-- Task material follows --

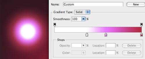 首先創建一個漂亮的背景。新建一個ps文檔,背景填充為黑色(D→Alt+Delete)。創建一個新圖層(Ctrl+Alt+Shift+N)并填充為白色(D→Ctrl+Delete)。下面將用“光照效果”濾鏡(濾鏡》渲染》光照效果)在這層上制作柔美的漸變效果。在強度調節旁邊,選擇你喜歡的任意顏色只要有一些深的顏色就可以。比如,我選擇了深粉色/紫色。
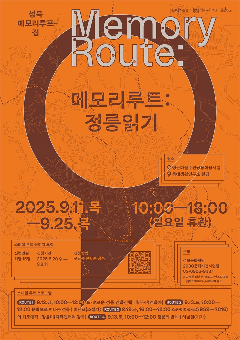 [뮤즈씬] 성북문화재단(대표이사 서노원)은 오는 9월 11일부터 25일까지 정릉 일대에서 답사형 공유 전시 ‘메모리루트: 정릉읽기’(이하 메모리루트)를 개최한다. 이번 전시는 2024년 발간된 아카이빙북 ‘정릉읽기’를 토대로 정릉의 주거지 변화와 장소성, 그리고 그 속에 스며든 문화예술의 흔적을 걸으며 사유하는 방식으로
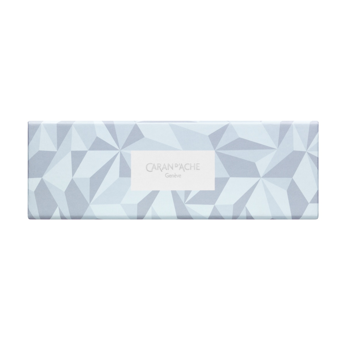 Premium cardboard box adorned with frosty blue and white geometric motifs, echoing the faceted effect of winter frost
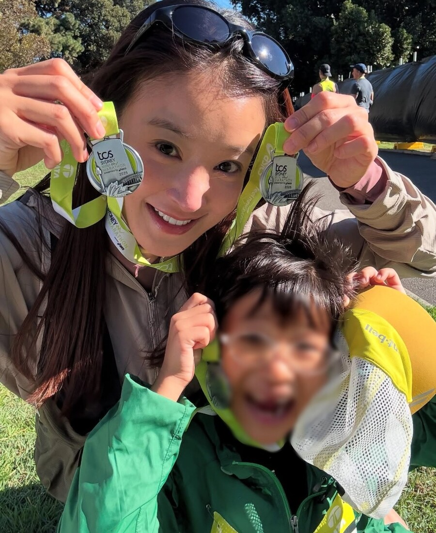 이시영은 2일 개인 계정을 통해 아들과 함께 시드니 마라톤에 참가한 인증샷을 공개했다.
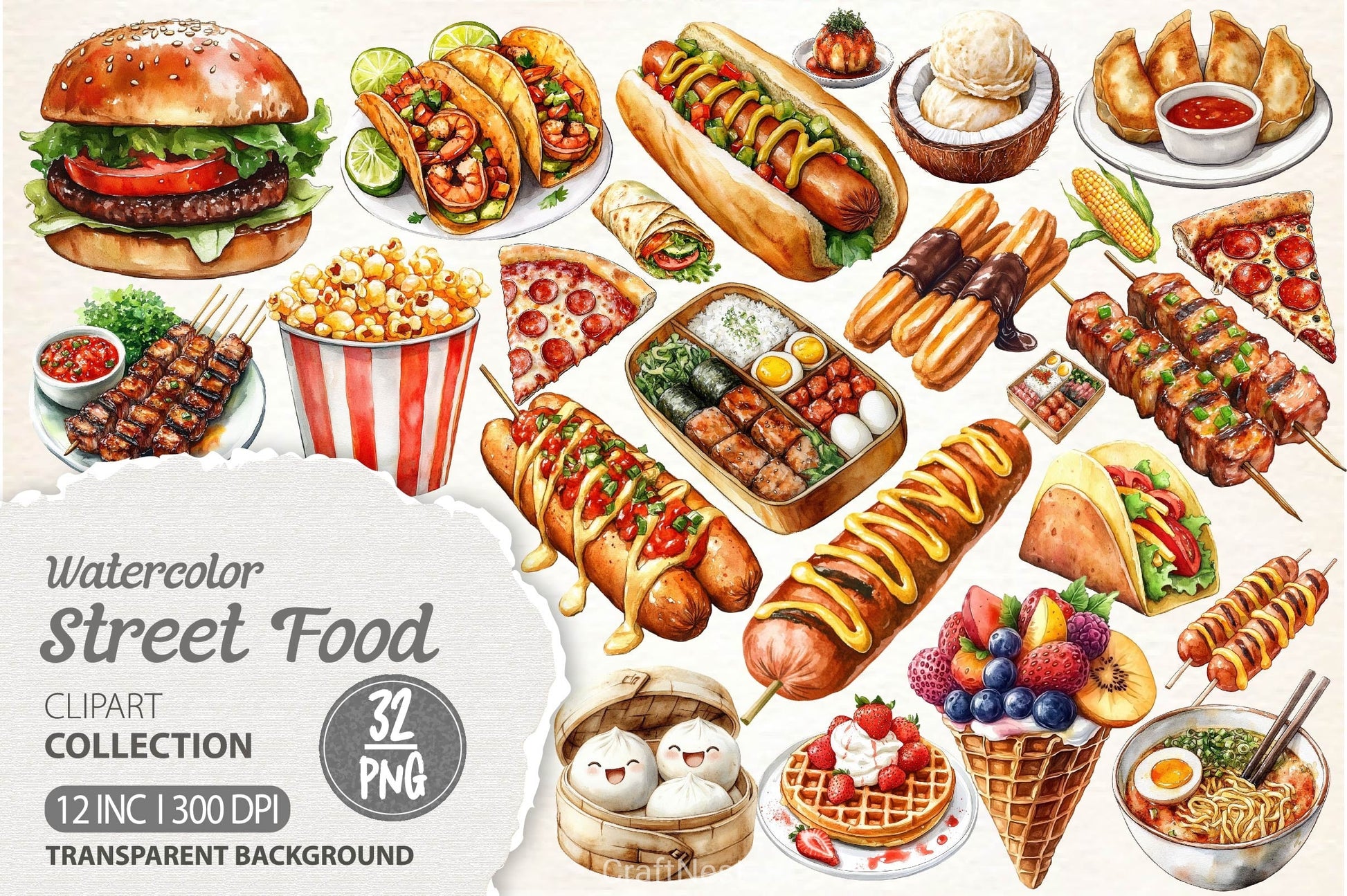Taste with this Street Food Clipart Bundle, featuring delicious street vendor designs, perfect for culinary travel crafts.

-- Task material concluded --

Copy exactly the lines that begin at the one containing "이시영은 2일 개인 계정을" and end at the last line of the records, both included, omitting the pictures.

 이시영은 2일 개인 계정을 통해 아들과 함께 시드니 마라톤에 참가한 인증샷을 공개했다.
Taste with this Street Food Clipart Bundle, featuring delicious street vendor designs, perfect for culinary travel crafts.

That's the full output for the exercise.